Samuel B. Pryor (1816-1866) was the first mayor of Dallas, Texas.

After Dallas was granted a town charter on February 2, 1856 by the Texas legislature, Pryor became the first mayor of Dallas. He led a town government which had six aldermen, a treasurer-recorder, and a constable. He was the first mayor of Dallas, Texas from 1856 to 1857.
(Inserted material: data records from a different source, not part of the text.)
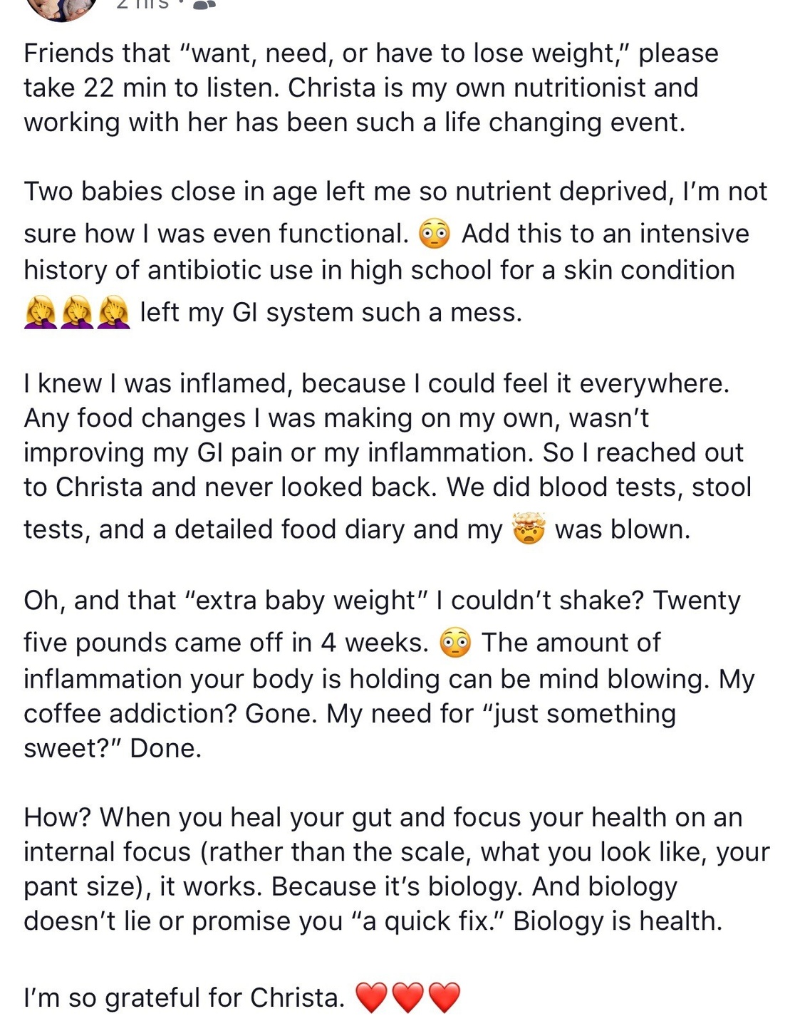Ashley was severely bloated and felt sluggish. Not only does she feel great about her body now, she is much more equipped in moving forward because she now understands what's going on.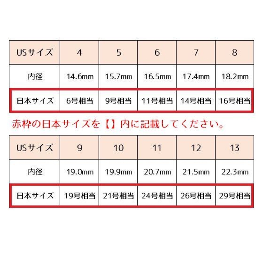 | サイズ | 10【21号相当】 / 11【24号相当】 / 12【26号相当】 / 5【9号相当】 / 6【11号相当】 / 7【14号相当】 / 8【16号相当】 / 9【19号相当】 |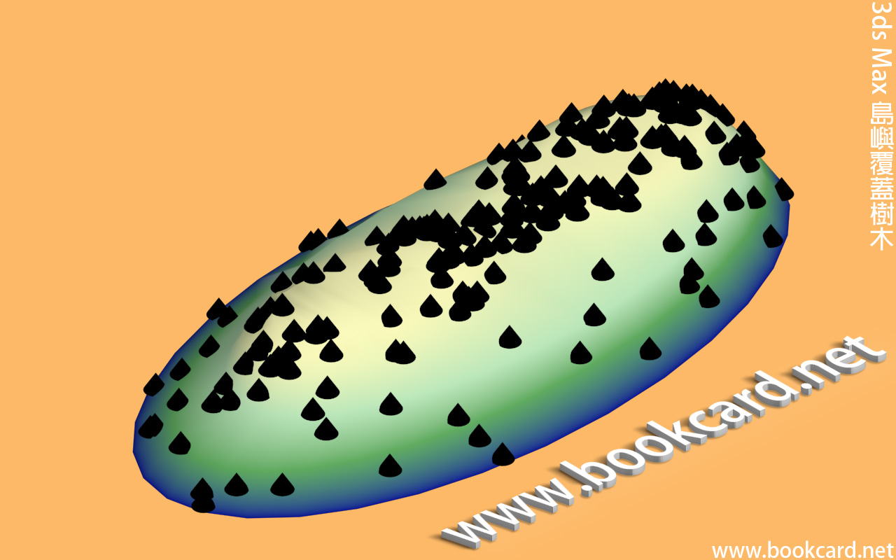 3ds Max 島嶼覆蓋樹木3ds Max用『散布』工具令『島嶼』遍佈『樹木』.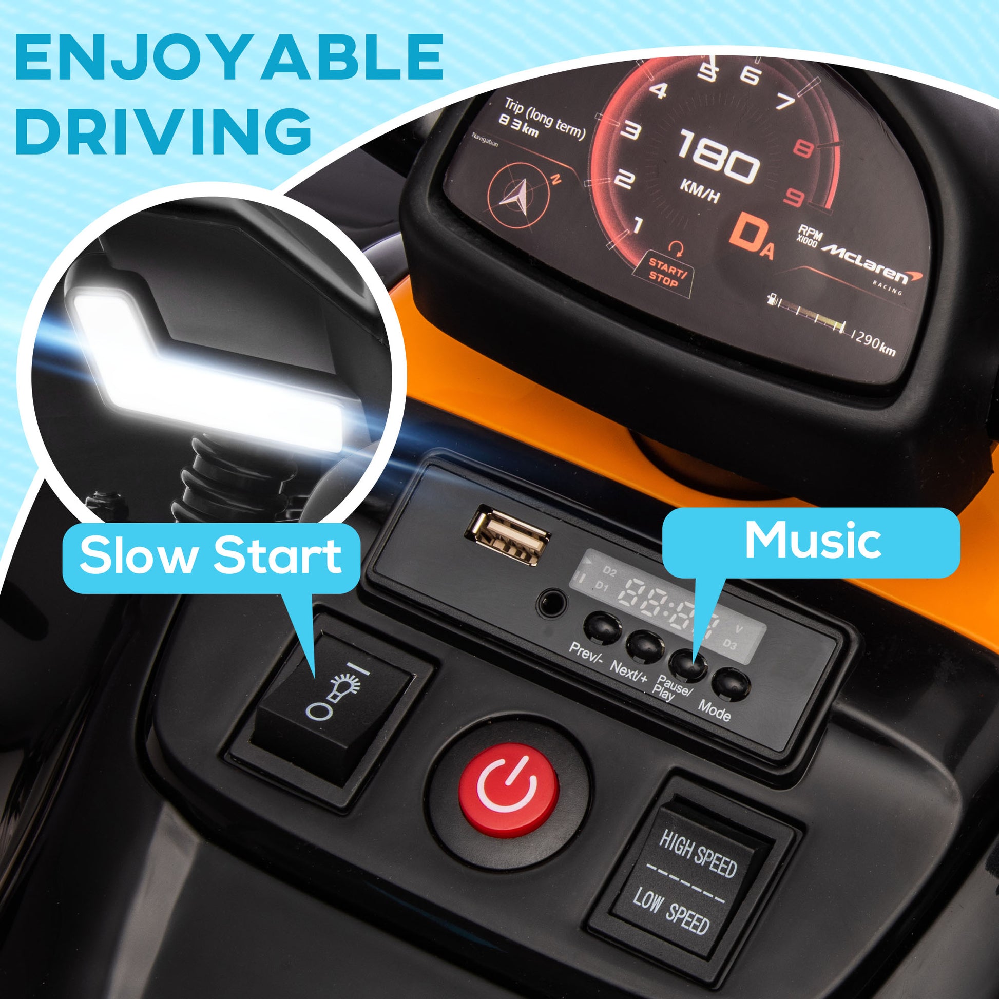 Mclaren Licensed 12V Quad Bike with Slow Start, Music, Headlights, MP3 Slot, Suspension Wheels, for 3-8 Years - Black

Born in Brunswick County, Virginia to Philip Pryor and Susan C. Wilkes, his Pryor lineage is traceable through a line of affluent colonial Virginians. His father was counted as a head of household on the 1810 and 1820 Census Presumably his father died before 1830 when his mother was then counted as head of household. Samuel Pryor would have been in his early teens at the time of his father's death.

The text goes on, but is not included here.